→ TASK INSTRUCTIONS:
Leave the pictures out and quote only the lines from the one with "Рамка Schneider Electric" down to the end of the listing below.

================

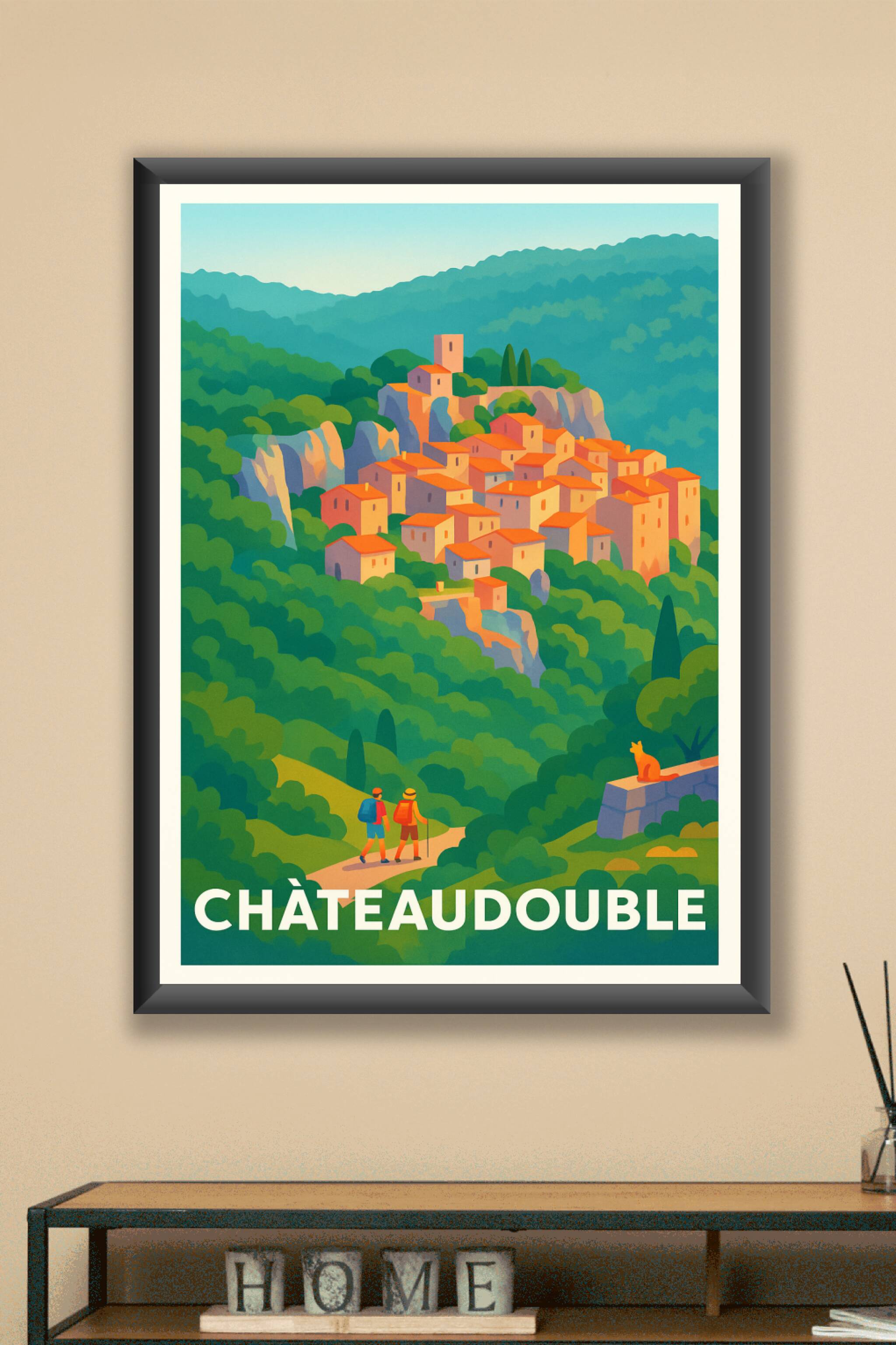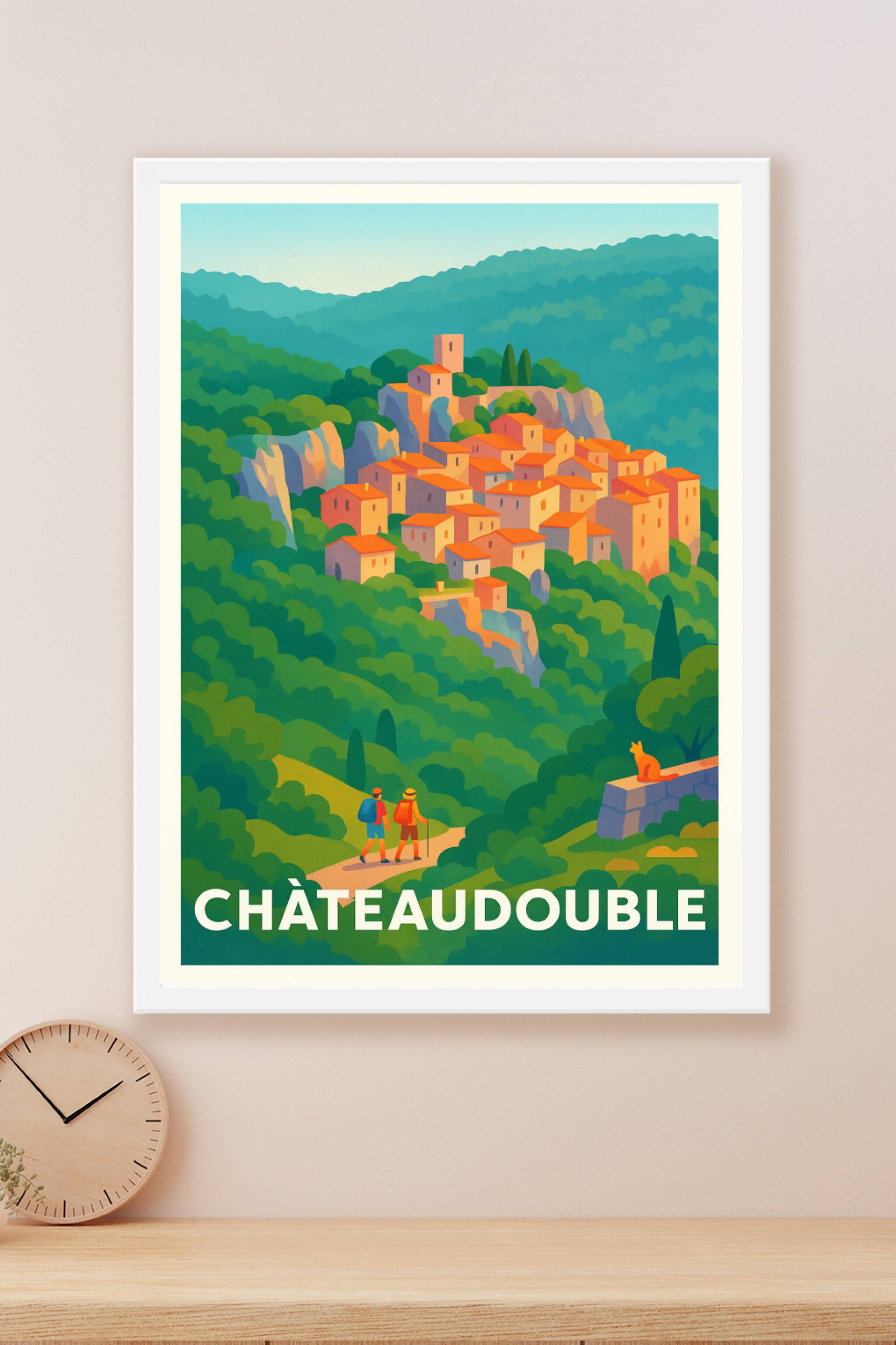 Découvrez la beauté authentique de Châteaudouble avec cette affiche illustrée qui capture l'essence d'un village typique du sud de la France, niché...
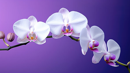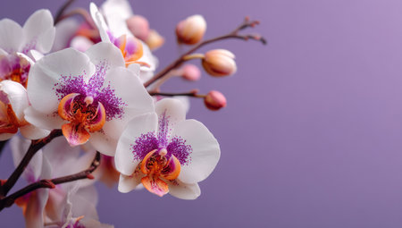 An image showcases exquisite orchid blossoms with delicate white petals, highlighted by vibrant purple and orange centers. The close-up composition emphasizes the flowers' textures and details. The background is a soft purple. This image is suitable for various commercial uses, including decorative purposes and editorial content.
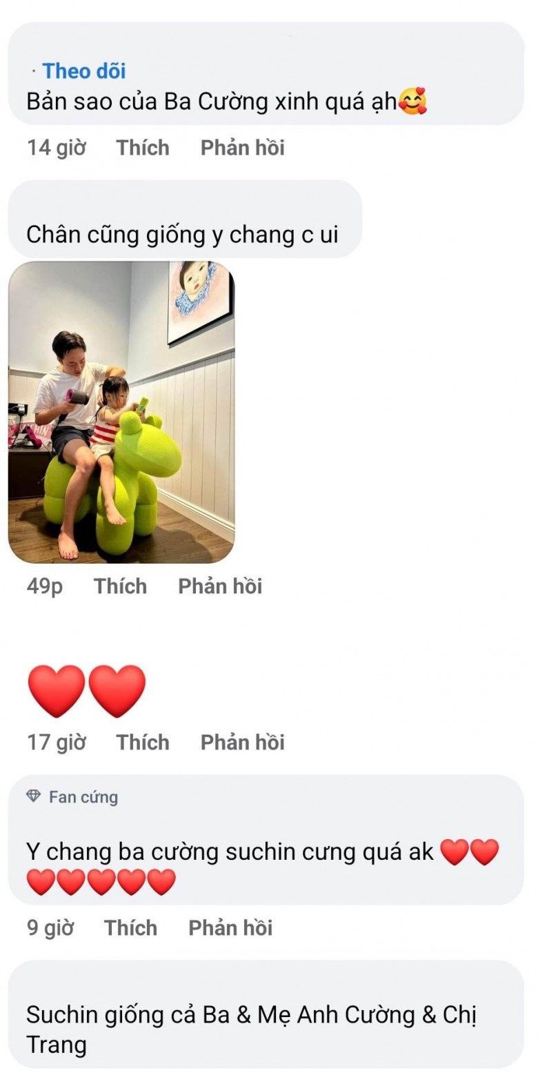 Bài viết của Đàm Thu Trang nhanh chóng thu hút nhiều lượt tương tác vì khiến người xem cảm thấy thích thú. Hầu hết bình luận đồng tình với nhận xét của cựu mẫu xứ Lạng về chuyện Suchin là "bản sao" của Cường Đô La: "Y đúc bố Cường", "Môi cong veo của ba, khuôn mặt cũng của ba luôn", "Giống ba như 2 anh em sinh đôi",... Thậm chí, có tài khoản còn so sánh chân của 2 bố con: "Chân cũng giống y chang chị ơi".
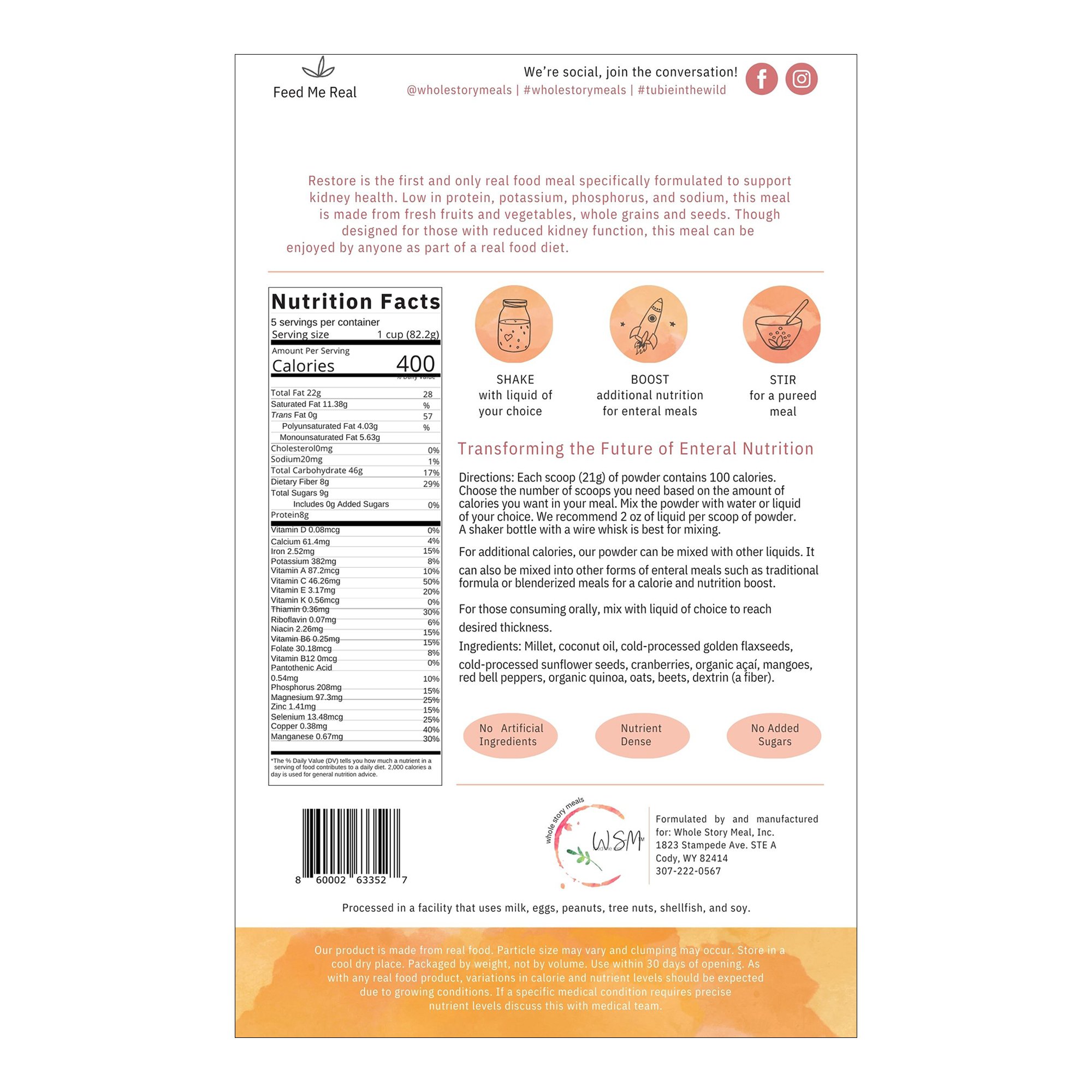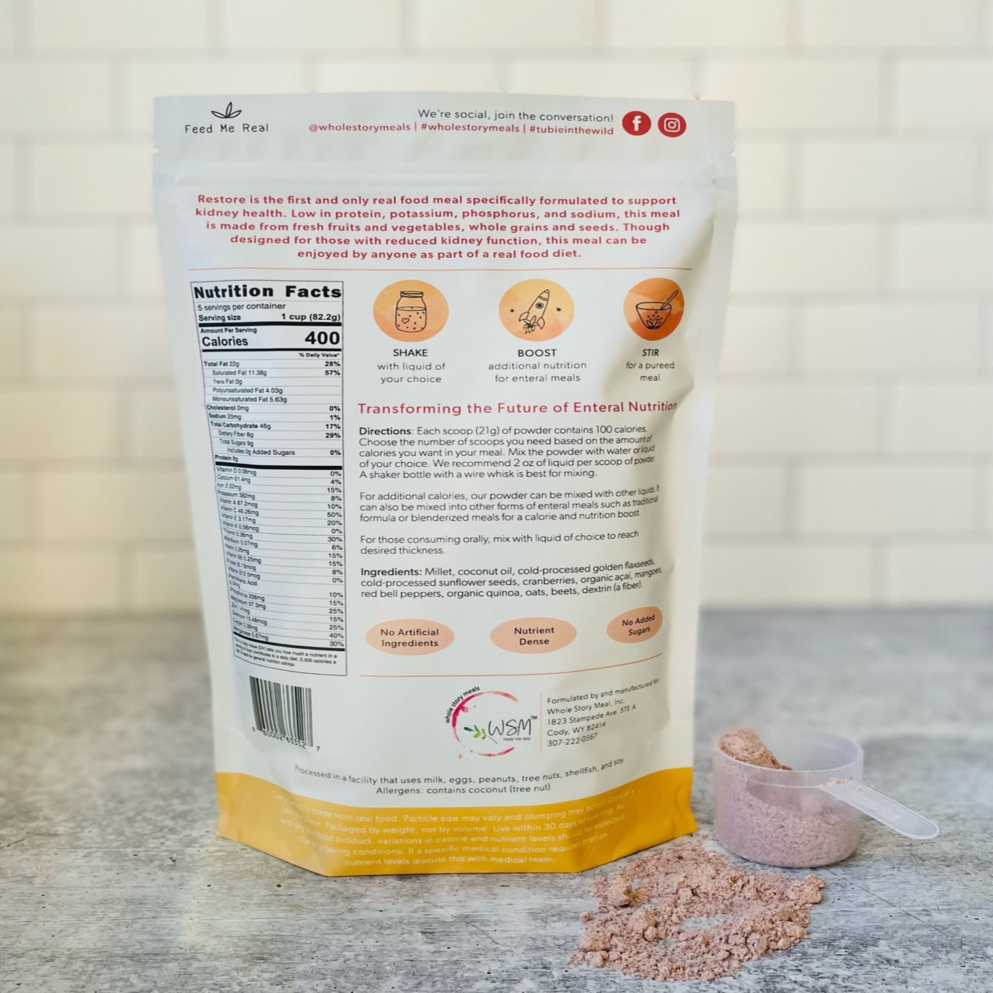 Restore Renal Support offers a specially formulated powdered supplement designed to support kidney health for individuals aged one year and up. This 16 oz. pouch contains a nutrient-rich blend of ingredients including millet, coconut oil, golden flaxseeds, sunflower seeds, cranberries, organic acai, mangoes, red bell peppers, organic quinoa, oats, beets, and dietary fiber dextrin. Each serving provides approximately 400 calories, making it a nourishing addition to daily routines. The supplement can be administered orally or via tube, accommodating various patient needs and preferences.
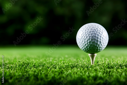 A close-up of a golf ball on a tee, surrounded by lush green grass, symbolizing precision and focus in the game of golf.
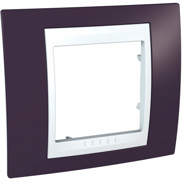 Рамка Schneider Electric UNICA ХАМЕЛЕОН (гранат) одинарная с белой декоративной вставкой.
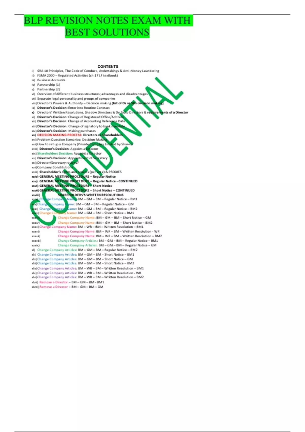 BLP REVISION NOTES EXAM WITH BEST SOLUTIONS

================

→ EXERCISE SOLUTION:
 Рамка Schneider Electric UNICA ХАМЕЛЕОН (гранат) одинарная с белой декоративной вставкой.
 BLP REVISION NOTES EXAM WITH BEST SOLUTIONS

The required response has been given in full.